16 June 2009

What's really going on 4: putting it all together

By Andrew Clifford

The combination of shared understanding of IT, long-term proactive management and evaluative theory is a powerful tool for addressing the problems and opportunities of IT.

Over the past three weeks I have written about how management of people, process and technology is not sufficient, and many IT problems and opportunities are not addressed.

I have suggested that structuring management around whole systems provides a useful common viewpoint. The remaining parts of this mental jigsaw are long-term proactive management and evaluative theory.

We know that it is cheaper and easier to be proactive: to prevent problems rather than fix them, and to grasp opportunities for improvement in a timely fashion.

To give some IT examples, it is cheaper to manage IT systems so that they are useful for longer, rather than to let systems decline quickly and replace them frequently. It is easy to keep systems well-documented, testable and well-maintained, but very hard to recover them once they start to decline. It is easy to plug occasional vulnerabilities in otherwise secure systems, but difficult to implement comprehensive security on insecure systems.

In IT, we find long-term proactive management very hard. It is hard to make sense of everything that is going on across all the systems, and to identify, prioritise and justify the interventions that are needed. Proactive management is at best piecemeal. Inevitably we do not address all of the issues, and costs and risks increase dramatically.

This is where evaluative theory really helps.

You can base management on one of two types of theory. You can use an explanatory theory which describes how the people, processes and technology must be arranged, and then execute on that management. This is effective for common tasks such as project delivery and day-to-day operations. However, this approach requires both management effort to define and ongoing resourcing to execute. It is not suitable for the occasional, discretionary, responsive activities that proactive management demands.

An evaluative theory does not explain how things will be done, but describes what a good thing looks like.
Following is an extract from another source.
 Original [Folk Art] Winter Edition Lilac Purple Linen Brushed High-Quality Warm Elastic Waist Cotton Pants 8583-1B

It is much easier to define an evaluative theory, and you do not need to do very much in order to manage. Assessment against an evaluative theory quickly identifies and prioritises what needs to be done. Because it looks at outcomes rather than the detail of implementation, an evaluative theory is much easier for a non-specialist to understand.
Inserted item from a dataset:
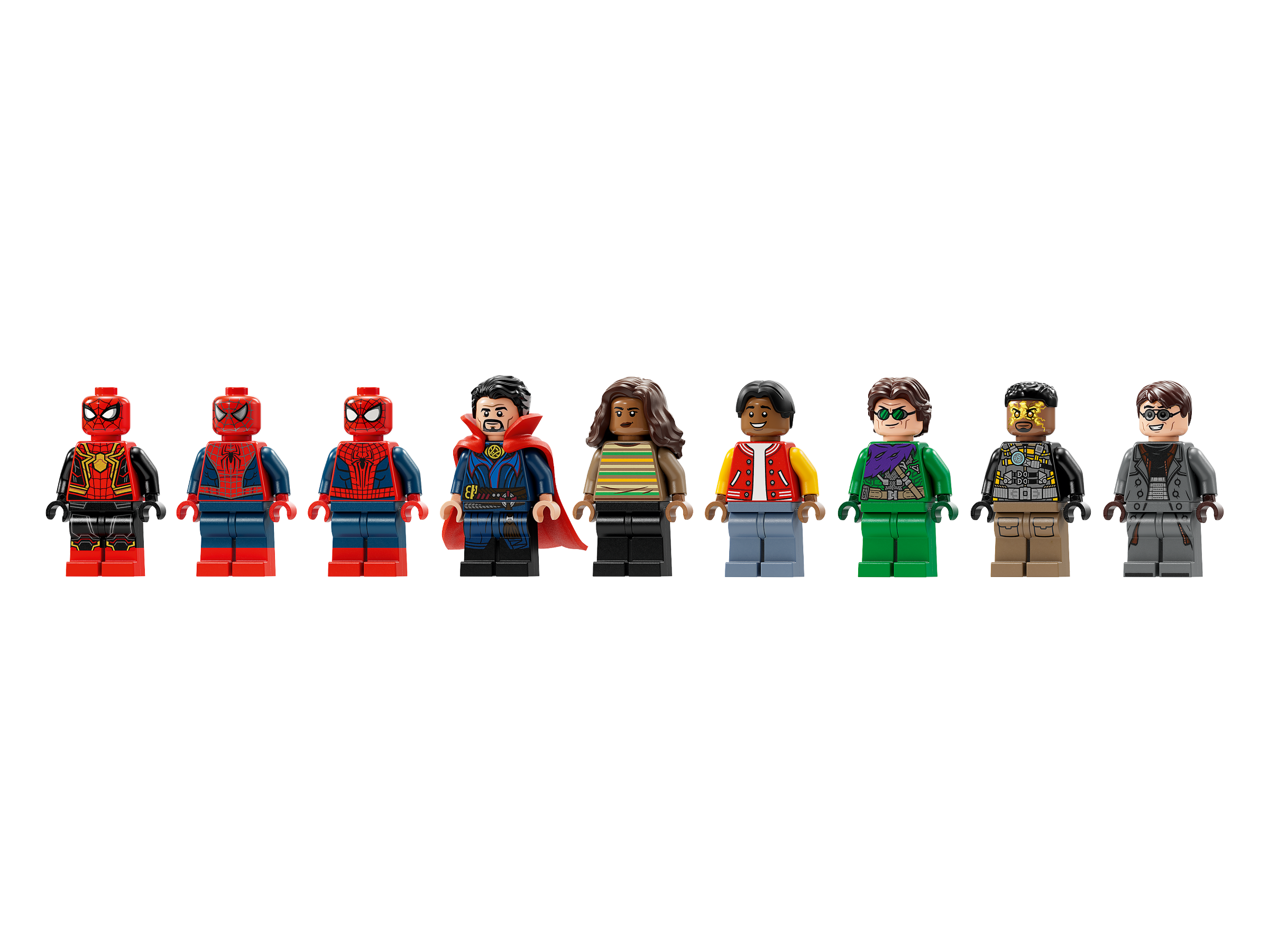 This 360-degree set includes an amazing assortment of LEGO Marvel minifigures, including 3 versions of Spider-Man: Friendly Neighborhood Spider-Man (Tobey Maguire), The Amazing Spider-Man (Andrew Garfield) and Spider-Man (Tom Holland). The other minifigures are Electro, Doctor Strange, Green Goblin, Ned, MJ and Doc Ock. Numerous features are included to maximise play-and-display possibilities, including 3 minifigure supports for midair action, a removable roof that reveals Sandman’s hand, a flip-open rear access to a portal and a soft web element to envelop minifigures. For added digital fun, builders can zoom in, rotate sets in 3D and track their progress using the fun, intuitive LEGO Builder app.

The combination of evaluative theory and a system view is very powerful. Instead of IT being a fragmented and mysterious complex of people, processes and technology, IT becomes a set systems, each with a set of understandable outcome measures or "qualities" (which is why we call this approach system quality management). This gives insight to make effective, justifiable recommendations for proactive management that can make a significant difference to IT.

What's really going on in IT? We don't have the management disciplines that we need to manage IT effectively for the long term. Our management of people, processes and technology is fragmented and inward-looking. We can fix this. Combining a system view (that everyone can understand) with evaluation (that identifies what needs to be done) gives the clarity and justification that we need to manage IT effectively for the long term.